Georges Minois est agrégée et docteur en Histoire.

Georges Minois a publié de nombreux ouvrages réputés chez Perrin, notamment CharlemagnePhilippe le Bel et une Histoire du Moyen Age. Son dernier livre revient sur Blanche de Castille, mère de Saint Louis, qui eut un destin d’exception. Elle fut, à l’instar de sa grand-mère Aliénor d’Aquitaine, une femme de pouvoir.

 

Qui fut réellement Blanche ? L’épitaphe qui se trouve sur ton tombeau – érigé en 1252 quelques jours après sa mort en l’abbaye de Maubuisson – nous présente une réponse éclairante : « cette Blanche, que la nation française pleure, est sortie de toi, ô Castille, comme une étoile radieuse au firmament. Elle eut pour père le roi Alphonse, pour époux le roi Louis. Devenue veuve de lui, elle gouverna comme régente, afin que la nation pût jouir de la tranquillité. Pendant le voyage d’outre-mer de son fils, elle gouverna comme auparavant. Enfin, celle sous le gouvernement de qui la nation française acquit tant de puissance, se consacra à Jésus-Christ dans son monastère. Si grande auparavant, elle gît aujourd’hui ici sous l’habit d’une pauvre religieuse  ». Comme l’écrit si bien l’auteur : « tout est dit ou presque ».

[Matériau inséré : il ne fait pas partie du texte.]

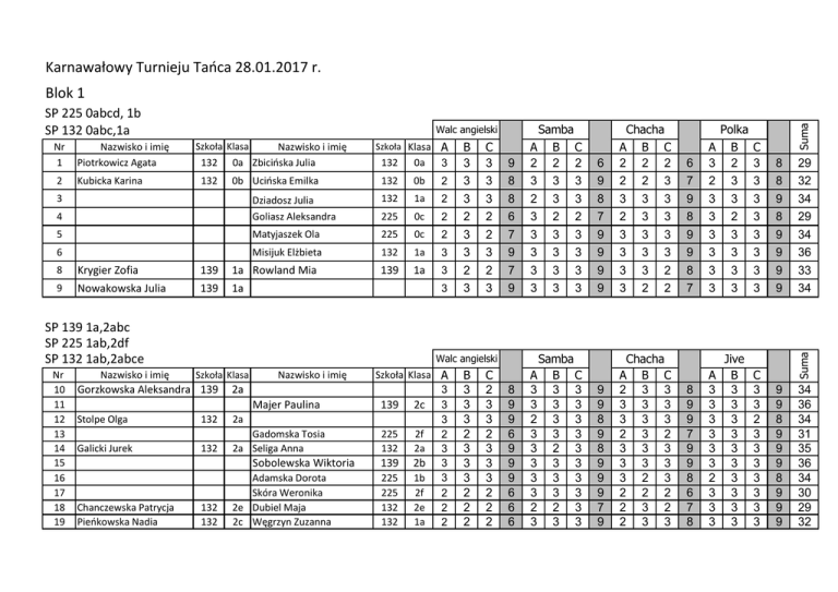 Karnawałowy Turnieju Tańca 28.01.2017 r. Blok 1 Nazwisko i imię Piotrkowicz Agata 2 Kubicka Karina 132 Nazwisko i imię 0a Zbicińska Julia 132 0b Ucińska Emilka Szkoła Klasa Szkoła Klasa A 132 0a 3 132 0b 2 132 1a 2 4 Dziadosz Julia Goliasz Aleksandra 225 0c 2 5 Matyjaszek Ola 225 0c 2 6 Misijuk Elżbieta 132 1a 3 139 1a 3 3 8 9 Krygier Zofia Nowakowska Julia 139 139 1a Rowland Mia 1a SP 139 1a,2abc SP 225 1ab,2df SP 132 1ab,2abce Nr 10 11 12 13 14 15 16 17 18 19 Nazwisko i imię B 3 3 C 3 3 9 8 3 2 3 3 3 2 2 3 8 6 7 9 2 3 3 3 3 2 3 3 3 2 3 3 8 7 9 9 3 2 3 3 3 3 3 3 3 3 3 3 9 8 9 9 3 3 3 3 3 2 3 3 3 3 3 3 9 8 9 9 34 29 34 36 2 3 2 3 7 9 3 3 3 3 3 3 9 9 3 3 3 2 2 2 8 7 3 3 3 3 3 3 9 9 33 34 8 9 9 6 9 9 9 6 6 6 Samba A B C 3 3 3 3 3 3 2 3 3 3 3 3 3 2 3 3 3 3 3 3 3 3 3 3 2 2 3 3 3 3 9 9 8 9 8 9 9 9 7 9 Chacha A B C 2 3 3 3 3 3 3 3 3 2 3 2 3 3 3 3 3 3 3 2 3 2 2 2 2 3 2 2 3 3 A 3 3 3 3 3 3 2 3 3 3 Jive B 3 3 3 3 3 3 3 3 3 3 C 3 3 2 3 3 3 3 3 3 3 9 9 8 9 9 9 8 9 9 9 Walc angielski Szkoła Klasa Gorzkowska Aleksandra 139 Nazwisko i imię 2a Majer Paulina Stolpe Olga 132 2a Galicki Jurek 132 Gadomska Tosia 2a Seliga Anna Sobolewska Wiktoria Chanczewska Patrycja Pieńkowska Nadia 3 132 132 Adamska Dorota Skóra Weronika 2e Dubiel Maja 2c Węgrzyn Zuzanna Szkoła Klasa A 3 139 2c 3 3 225 2f 2 132 2a 3 139 2b 3 225 1b 3 225 2f 2 132 2e 2 132 1a 2 B 3 3 3 2 3 3 3 2 2 2 C 2 3 3 2 3 3 3 2 2 2 6 9 Chacha A B C 2 2 2 2 2 3 6 7 Polka A B C 3 2 3 2 3 3 8 8 29 32 8 9 9 7 9 9 8 6 7 8 Suma Nr 1 Samba A B C 2 2 2 3 3 3 Walc angielski Suma SP 225 0abcd, 1b SP 132 0abc,1a 34 36 34 31 35 36 34 30 29 32

Cependant, nous ne pouvons nous contenter de cette élogieuse mais juste présentation, car il manque quand même des repères chronologiques. Il est donc utile d’en donner quelques-uns : « née en 1188, fille du roi Alphonse VIII de Castille et d’Aliénor d’Angleterre, mariée à douze ans au prince capétien Louis VIII, elle fait son éducation politique à la cour de son redoutable beau-père, Philippe Auguste. Reine en 1223, mère de douze enfants, veuve à trente-huit ans, elle devient régente du royaume au nom de son jeune fils, Louis IX ». Toute sa vie n’y est pas résumée, pourtant cette courte notice biographique nous montre déjà l’ampleur de son histoire.

Une fois veuve, les barons – comprendre les grands du royaume – n’entendent pas être gouvernés – ou plus exactement « mal gouvernés » selon leurs propos – par une reine, de surcroît étrangère. Effectivement, comme le rappellent et le montrent Hervé Martin dans les Mentalités médiévales et Jean Dulumeau dans ses différentes études, « une partie de la littérature théologique médiévale est remplie d’affirmations misogynes  ». Citons un propos parmi d’autres pour montrer les idées de certains à l’endroit de la gente féminine, sans laquelle les hommes ne sont rien : « la femme est un mâle déficient conjuguant l’imbécilité physique et la débilité mentale ». On pourrait presque croire, qu’il s’agit du Code Civil…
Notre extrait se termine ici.